(ASSIGNMENT)
In your copy of the data, include no pictures and alter nothing else.

(DATA EXTRACT)
━━━━━━

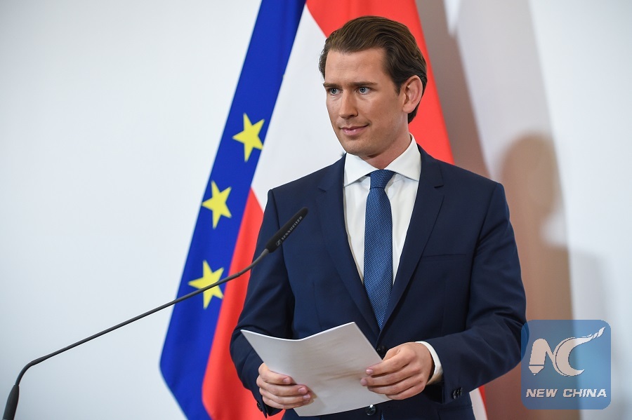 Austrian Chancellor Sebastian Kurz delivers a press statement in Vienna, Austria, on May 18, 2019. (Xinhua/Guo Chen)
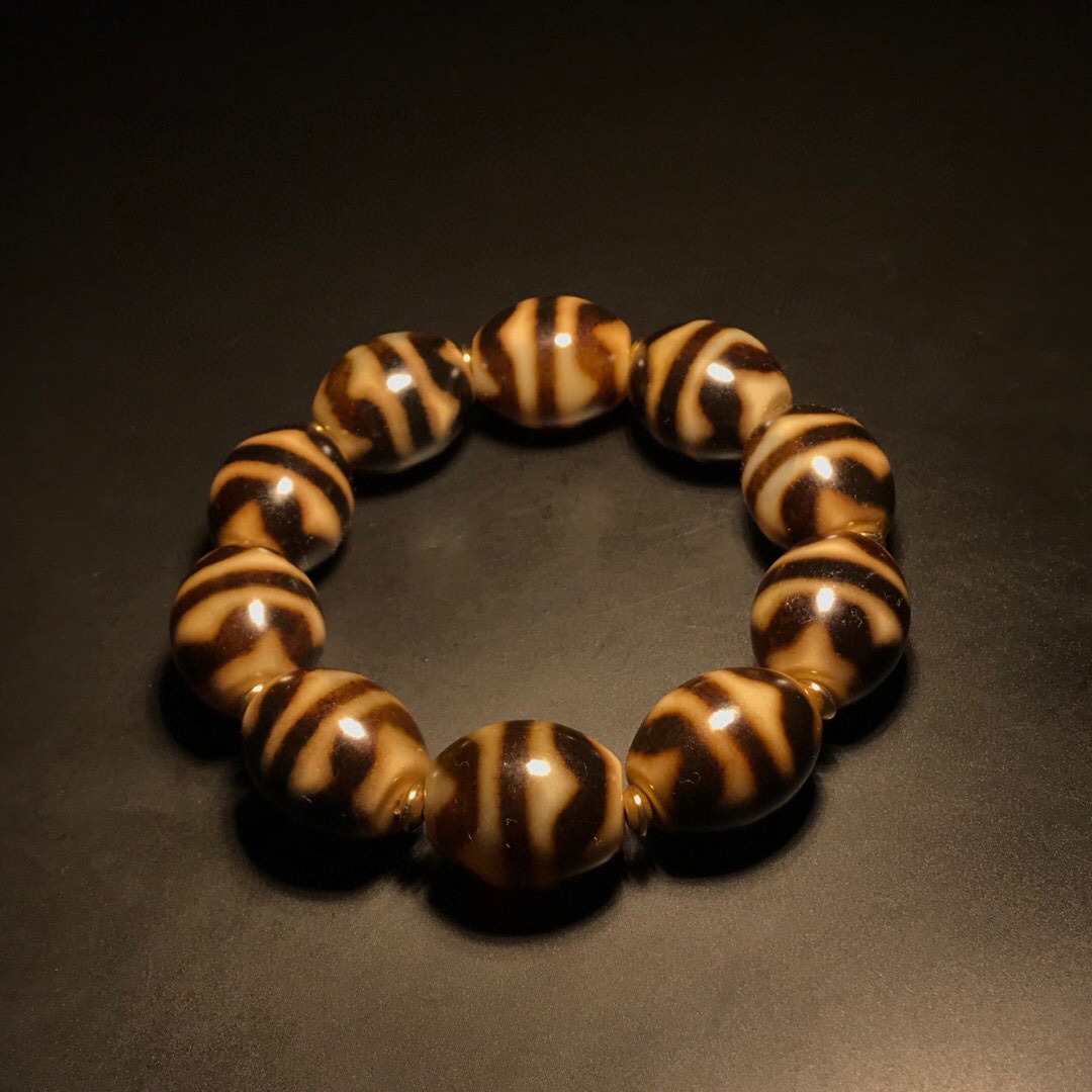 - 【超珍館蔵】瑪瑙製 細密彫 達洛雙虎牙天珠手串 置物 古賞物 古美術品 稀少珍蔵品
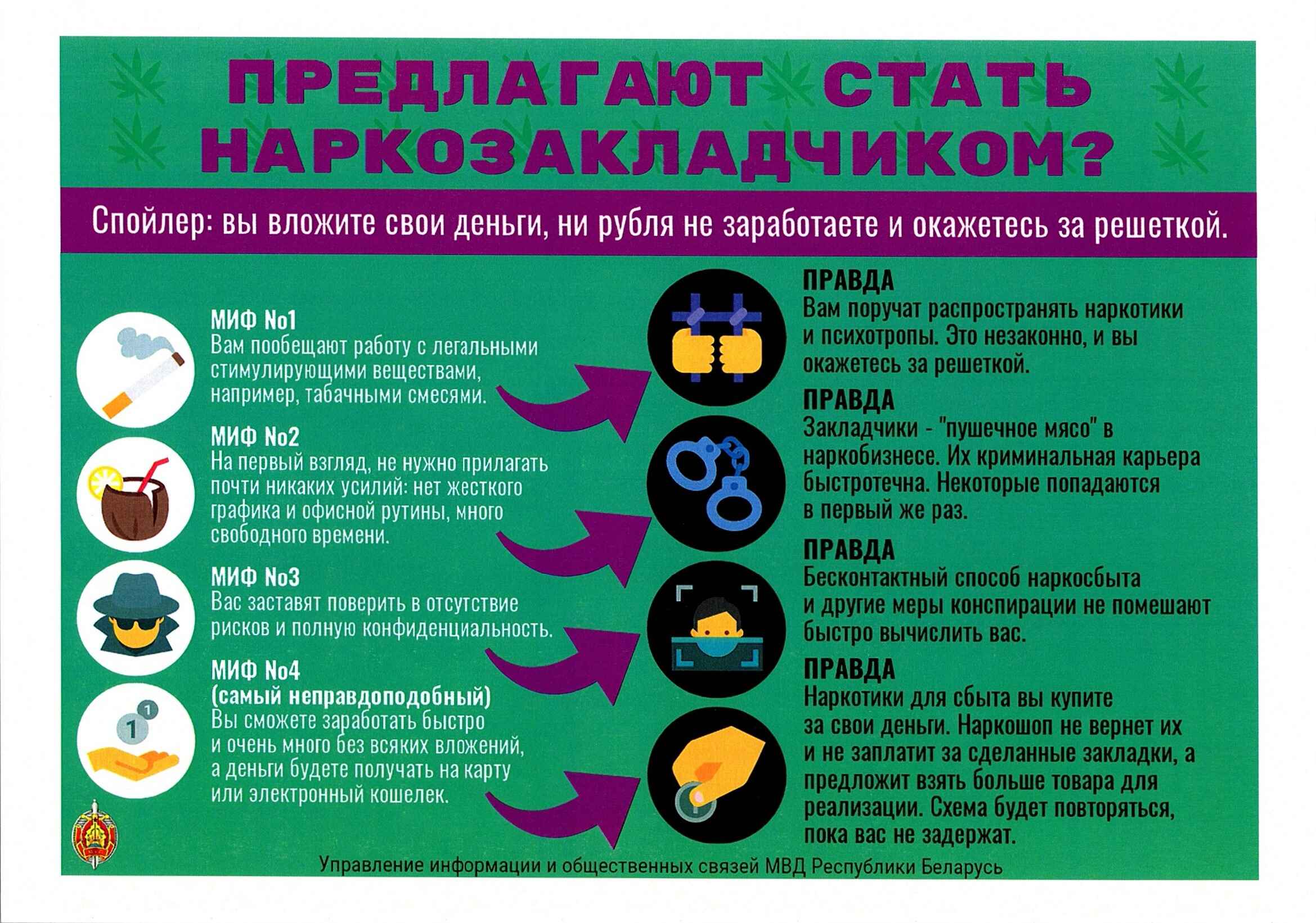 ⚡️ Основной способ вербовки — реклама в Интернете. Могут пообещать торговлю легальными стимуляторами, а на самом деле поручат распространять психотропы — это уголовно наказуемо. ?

━━━━━━

(EXERCISE RESPONSE)
 Austrian Chancellor Sebastian Kurz delivers a press statement in Vienna, Austria, on May 18, 2019. (Xinhua/Guo Chen)
 - 【超珍館蔵】瑪瑙製 細密彫 達洛雙虎牙天珠手串 置物 古賞物 古美術品 稀少珍蔵品
 ⚡️ Основной способ вербовки — реклама в Интернете. Могут пообещать торговлю легальными стимуляторами, а на самом деле поручат распространять психотропы — это уголовно наказуемо. ?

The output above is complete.